Me gustaría saber de dónde saca semejante seguridad, pensó él. Lo único seguro en el mar -Coy decía a veces “la” mar, como muchos marinos al referirse a sus cualidades físicas, pero nunca se le había ocurrido atribuirle un carácter femenino- era que allí no había nada seguro. Si uno lograba hacer las cosas bien y estibar la carga del modo adecuado, ponía la amura correcta al mal tiempo, moderaba máquinas y no se atravesaba con olas rompientes y viento por encima de fuerza 9 en la escala de Beaufort, el viejo y malhumorado bastardo podía llegar a tolerar intrusos; pero no había desafío posible. A las malas, él vencía siempre.

– No creo que esté mucho más abajo -apuntó Tánger.

Parecía haberse olvidado por completo de “Zas” y de su casa puesta patas arriba, observó Coy con asombro. Miraba concentrada las escalas con grados, minutos y décimas de minuto que bordeaban las cartas, y él admiró una vez más aquella aparente voluntad. La oía pronunciar palabras precisas, sin alardes ni circunloquios superfluos. Que me vuelen los huevos si esto es normal, se dijo. Ninguna mujer, ningún hombre que yo conozca, pueden ser tan dueños de sí como ella aparenta. Está acosada, acaban de darle un aviso siniestro, y sigue tan campante, haciendo garabatos sobre una carta náutica. O es una esquizofrénica, o como se diga, o es una mujer singular. En cualquier caso, es obvio que sí puede. Que es capaz, después de todo lo que ha pasado, de estar ahí manejando lápiz y compás de puntas con la sangre fría del cirujano que maneja bisturís. Quizá, después de todo, la razón radique en que realmente es ella quien acosa. Igual Nino Palermo, y el enano melancólico, y el chófer bereber y la secretaria y yo mismo no somos sino comparsas, o víctimas. Igual.

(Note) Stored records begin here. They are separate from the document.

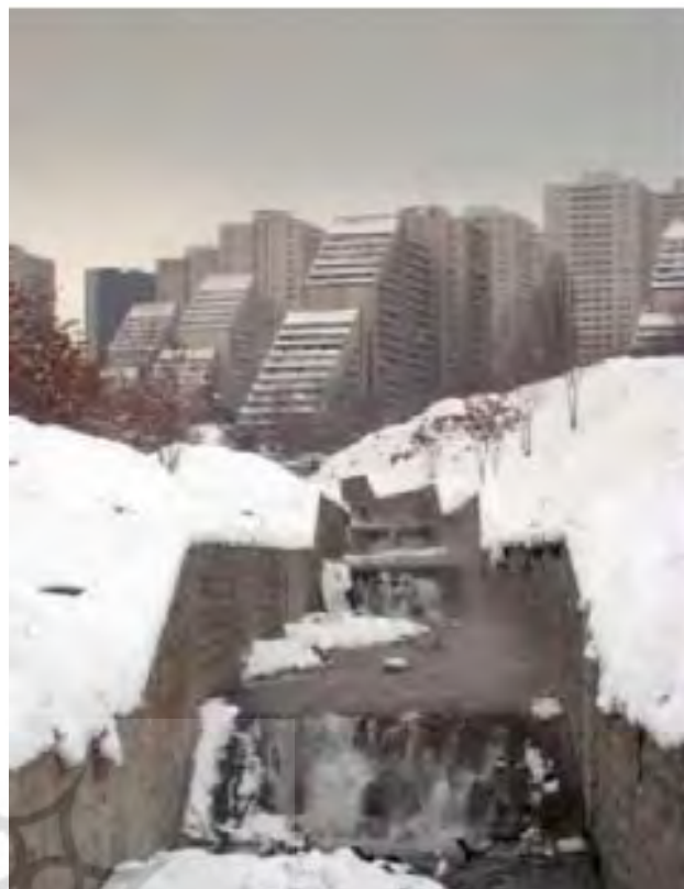
تصویر ۱. تراس‌بندی و کانال‌کشی رودخانه در که.

اتصالات، نقاط تماس بین مؤلفه‌ها را افزایش می‌دهند که این خود موجب انسجام و افزایش تاب‌آوری خواهد شد (قرایی و همکاران، ۱۳۹۶). در این طرح و برنامه‌ریزی، شاخص ارتباط یا اتصال در سه سطح: (۱) پیوستگی مؤلفه‌های طراحی، (۲) تقویت ارتباط فضایی و (۳) ریزدانه‌گی و نفوذپذیری بررسی می‌شوند. در راستای استفاده از ساختار شاخص ارتباط و اتصال، می‌توان به پیوستگی محورهای ارتباطی اشاره کرد که موجب افزایش سطح دسترسی در زمان کوتاه‌تر خواهد شد؛ همچنین موجب در دسترس بودن و افزایش اتصال داخلی در سیستم خواهد شد. علاوه بر آن نفوذپذیری از دیگر متغیرهای طراحی این
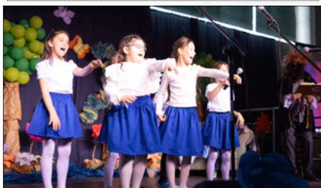
Wielkie gratulacje dla uczniów szkoły za fantastyczny występ artystyczny.
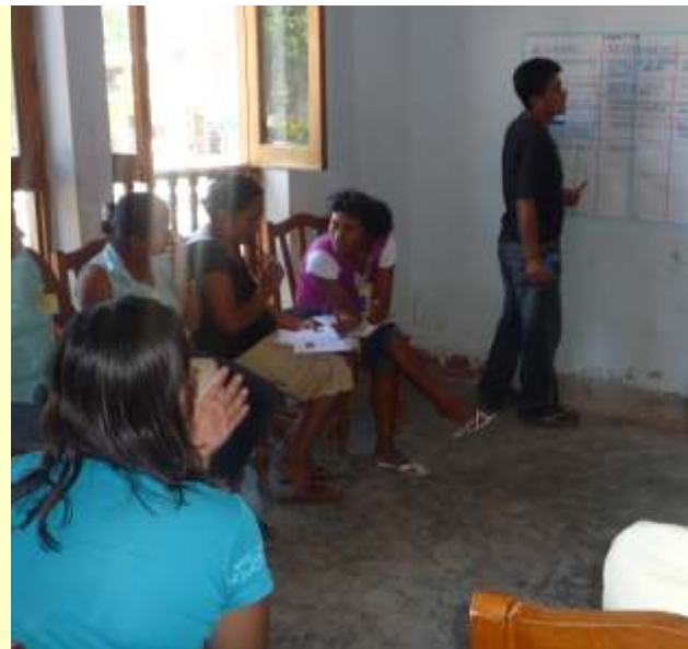
Formulación de Plan Operativo de trabajo

Procuró concentrarse en la carta. Establecida la latitud con el paralelo horizontal que señalaba ésta, quedaba ahora situar la longitud: el punto en que ese paralelo cortaba el meridiano correspondiente. La cuestión era averiguar cuál era el meridiano. Convencionalmente, del mismo modo que la línea del Ecuador constituía el paralelo cero para calcular la latitud hacia el norte o hacia el sur, el meridiano universalmente considerado como 0º era el de Greenwich. La longitud náutica se establecía también en grados, minutos y segundos o décimas de minuto, contando 180º

hacia la izquierda de Greenwich

para la longitud oeste y 180º hacia la derecha para la longitud este. El problema era que no siempre había sido Greenwich la referencia universal.

– La longitud parece clara -respondió Tánger-: 4º 51’ este.

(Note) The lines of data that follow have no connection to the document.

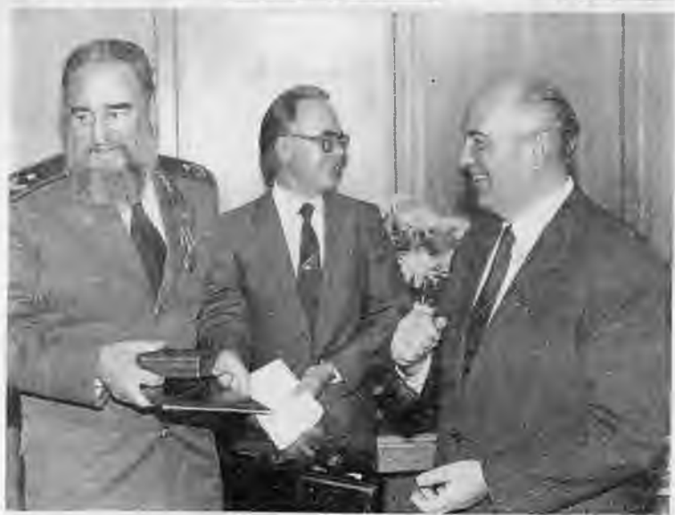
С президентом США Джорджем Бушем в Ново-Огареве. 1991 г. Вручение ордена Ленина Фиделю Кастро в Кремле. 1986 г.
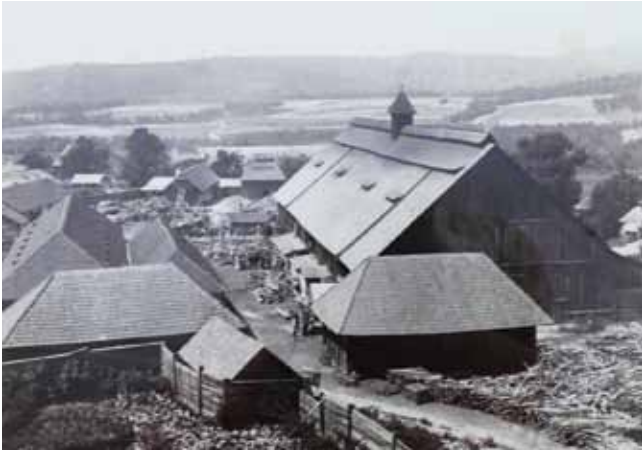
1. kép. A bükszádi üvegcsűr – Gere István fotója (1898) a SZNM fototékájából, lelt.szám: 1188-K/8130.
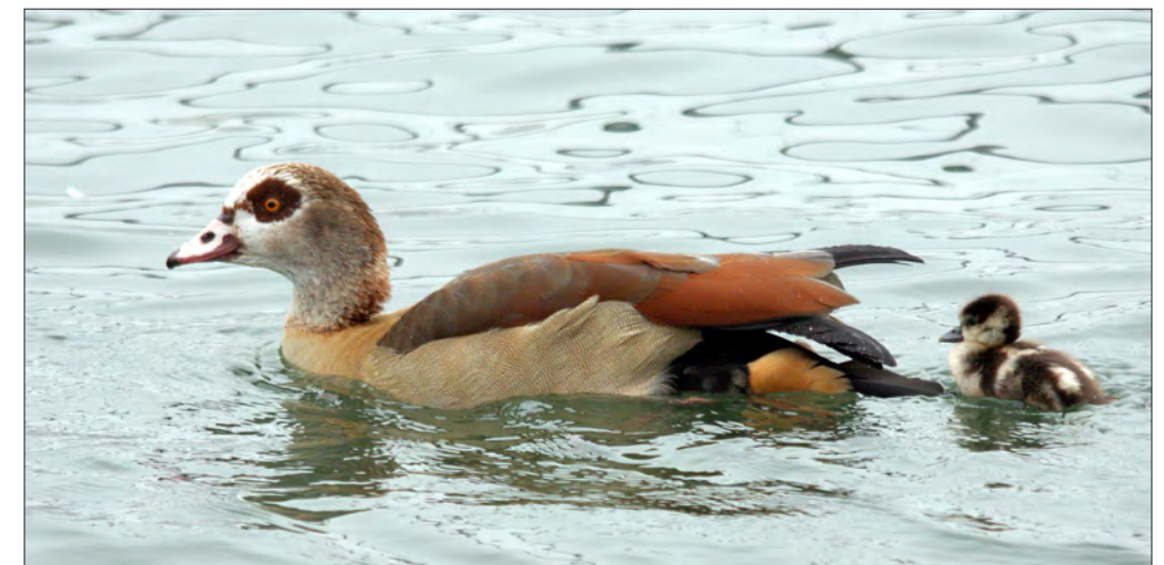
2. Ouette d'Égypte Alopochen aegyptiaca , adulte et poussin, Haut-Rhin, février 2013 (Vincent Palomares). Egyptian Goose.

La reproduction a été prouvée à Monteux, Vaucluse, avec l'observation d'un couple accompagné de deux jeunes début juillet 2017 (M.-G. Serie et É. Senes, Faune PACA).
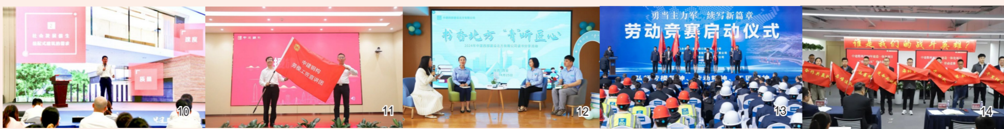
图10中建装饰工会邀请四位劳模工匠结合自身学习体会与成长经历讲述新时代的劳模故事,分享经验,传授心得。图11中建科工旗下中建钢结构工会举办劳模工匠宣讲团成立仪式暨总部劳模工匠宣讲活动。图12中建西部建设北方分公司工会举办“书香北方,青”听匠心”读书分享会。图13中建港航局工会以“勇当主力军 续写新篇章”为主题,携手湖北港口集团举办重点工程劳动竞赛。图14中建教科举行“五一”“五四”主题活动,激励全体职工弘扬劳模精神、劳动精神、工匠精神。

劳动创造幸福,青春创享未来。在“五一”国际劳动节、“五四”青年节来临之际,中建集团各级工会、共青团组织开展丰富多样的主题活动,弘扬劳动美,礼赞奋斗者;激扬青春风采,建证美好未来。
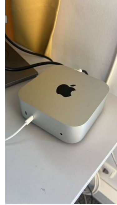
APPLE MAC MINI
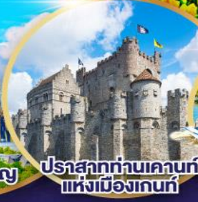
ปราสาทท่านเคานท์แห่งเมืองเกนท์
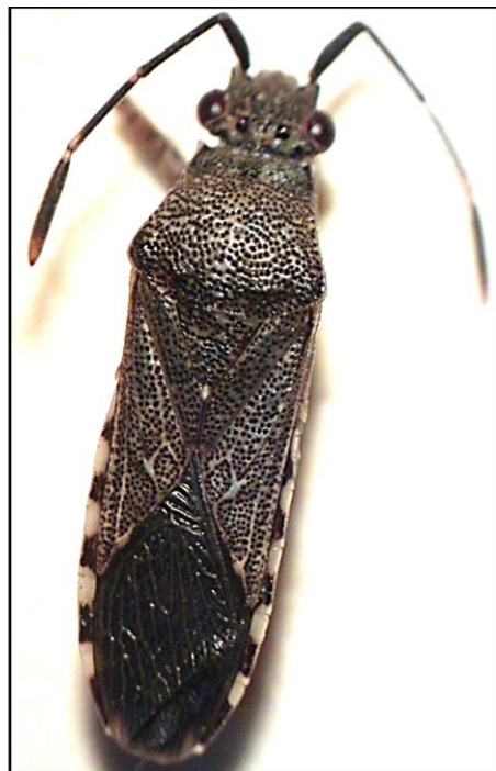
Figura 3: Catorhintha guttula (Fabricius, 1794), capturado en Coro, municipio Miranda, estado Falcón, Venezuela. Arriba: hembra. Abajo: macho.

– Yo no la veo tan clara. En 1767 los españoles no usaban Greenwich como primer meridiano…

– Claro que no. Primero fue el de la isla de Hierro, pero luego cada país terminó usando el suyo. No se unificó en torno a Greenwich hasta 1884. Por eso la carta de Urrutia, impresa en 1751, trae cuatro escalas de longitud diferentes: París, Tenerife, Cádiz y Cartagena.

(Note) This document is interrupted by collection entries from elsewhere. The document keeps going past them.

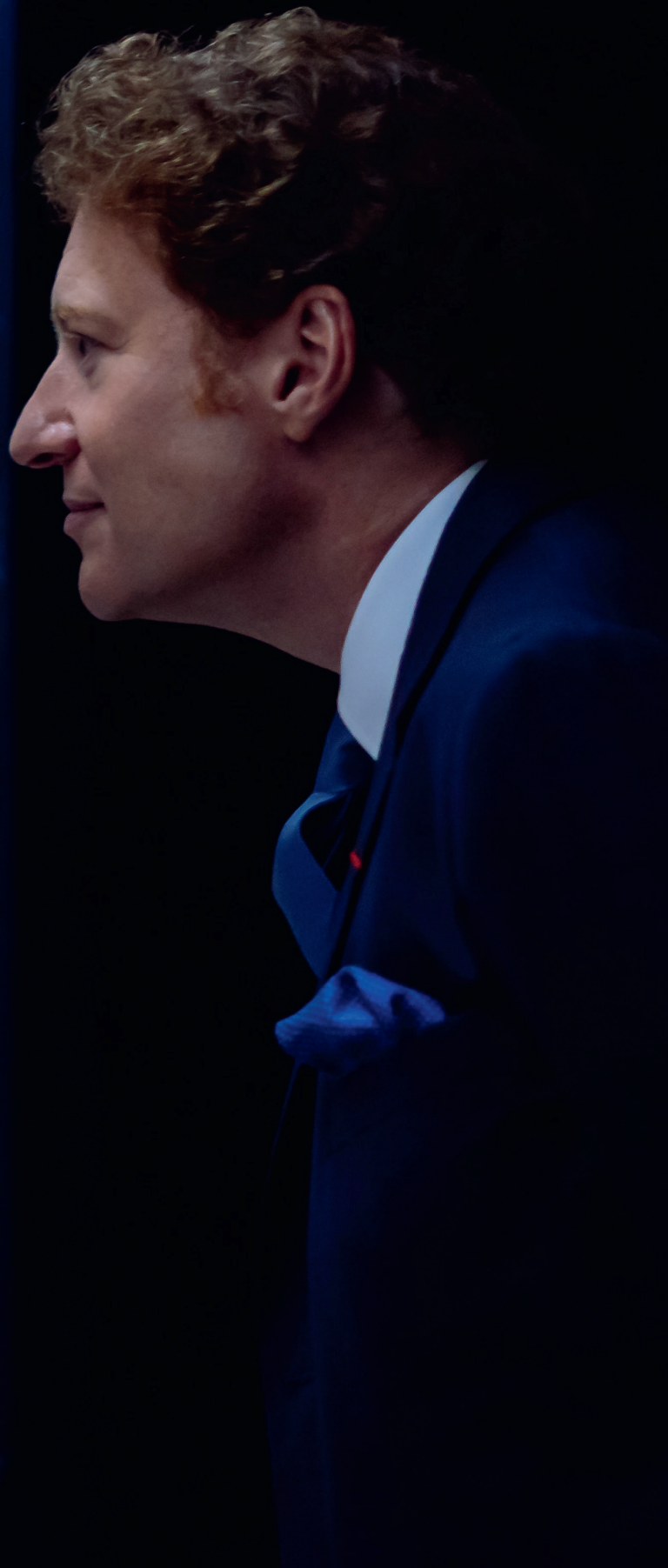
TEKST: THIJS DEMEULEMEESTER
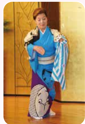
▲祝舞 (南部千代連社中) ▶
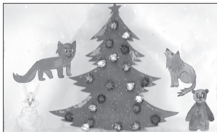
Рисунок Хуранова Рауля, 4А класс
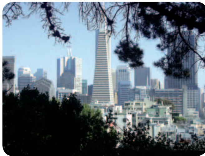
Pogled iz Telegraph Hilla na stolpnice v Downtownu s Transamerica Pyramid v sredini.

Že pri izhodu z letališča se je pokazalo, da je Amerika za invalide izjemno prijazna. Pred vrati je čakalo vsaj 20 taksijev, prilagojenih za prevoz invalidov na vozičkih, in edina skrb, ki sem jo imela, je bila barva taksija (žal rožnatega ni bilo na vo-
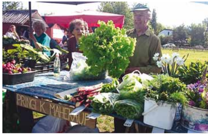
Möödunud aastal oli rohevahetus viimsilaste seas väga populaarne.

Harvad ei ole juhused, mil muuseumi perenaine lambad tu-
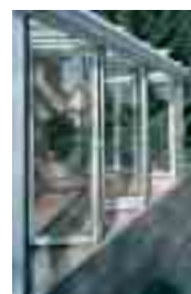
Falttür halb geöffnet
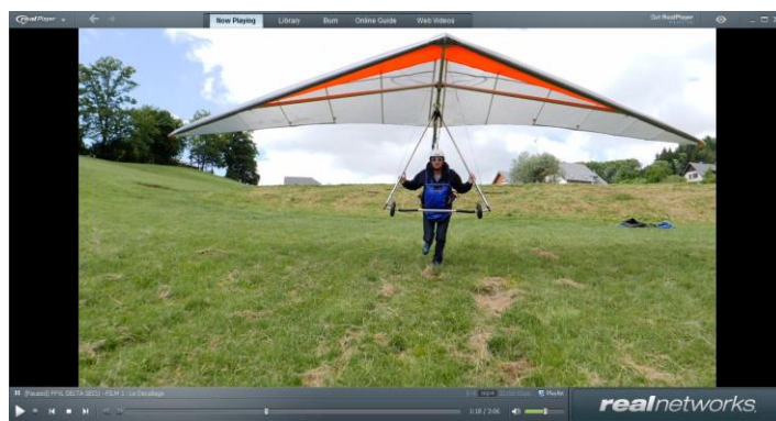
Maîtriser son incidence au décollage

Voici le premier de la série sur le décollage, axé sur la notion de « Maîtrise de l'incidence de l'aile »
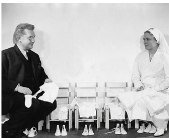
1936 LE MÉDECIN DE CAMPAGNE (The Country Doctor) d'Henry King avec Dorothy Patterson
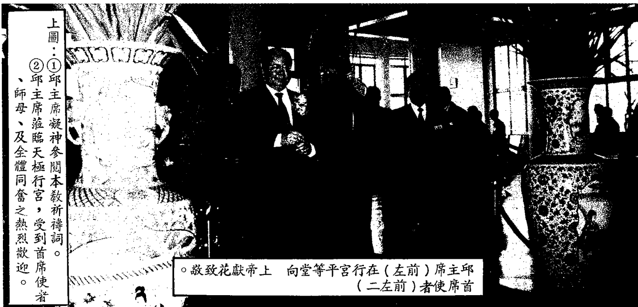
邱主席（左前）向行宮平等堂（左二）師尊及師母（右二）敬獻花籃

首席師尊致詞時指出，凡是靜坐班的同奮（一、十期、坤一、四期、先修一期）在經過百日潛心修持，天上人間的無形精神交感與改造
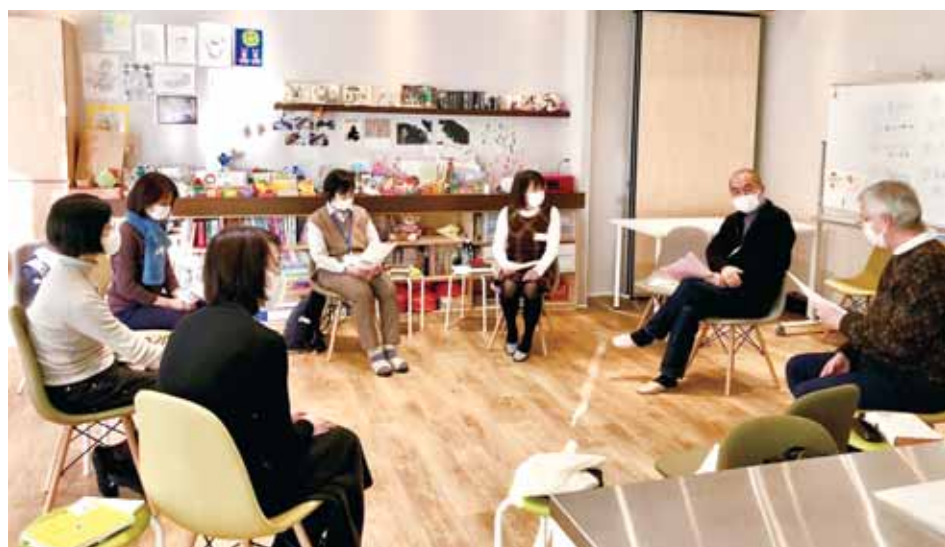
対話によるこころの支援を行うみなさんの傾聴勉強会の様子
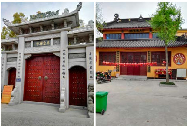
禹皇禅寺大门（左）和禹皇禅寺内的大殿（右）

禹皇禅寺（原名大禹王庙、又称五杭大庙）因四乡百姓为敬祀大禹王，常年香火不断。每逢庙会或重大佛事时，常有剧团演出，让四方的香客赶来闹猛几天……解放后直至20世纪90年代，改为五杭供销社给麻收购站。近年来，开始恢复原貌，修缮了禅寺大门，重建了大雄宝殿、佛堂、戏台等建筑。经过维修、改建后改称现名。目前寺内呈现古朴典雅，法相庄严，香火旺盛景致，是四周八方的香客朝拜和旅游者好去处。

– Vaya -Coy la miraba con respeto-. Sabes mucho de esto. Casi más que yo.

– He procurado estudiarlo. Es mi trabajo. Si buscas bien, todo puede encontrarse en los libros.

Coy dudó en silencio. Había leído toda su vida sobre el mar, y nunca había encontrado allí nada sobre el grito de angustia de una marsopa que salta en el agua con el flanco arrancado por la dentellada de una orca. Ni la noche más corta de su vida, con el alba iniciándose encadenada al crepúsculo en el horizonte rojizo de la rada de Oulu, a pocas millas del círculo polar ártico. Ni el canto de los kroomen, los estibadores negros, en el castillo de proa una noche de luna frente a Pointe-Noire, en Gabón, con las bodegas y la cubierta llenas de troncos apilados de okum\ y akajú. Ni el estrépito aterrador de un Cantábrico donde cielo y mar se confundían bajo una cortina de espuma gris, senos de 14 metros y viento de 80 nudos, con las olas deformando los contenedores trincados en cubierta como si fueran de papel antes de arrancarlos y llevárselos por la borda; la dotación de guardia sujeta en cualquier sitio del puente, aterrada, y el resto en los camarotes, rodando por el suelo contra los mamparos, vomitando como cerdos. Era como el jazz, a fin de cuentas: las improvisaciones de Duke Ellington, el saxo tenor de John Coltrane o la batería de Elvin Jones. Tampoco eso podía leerse en los libros.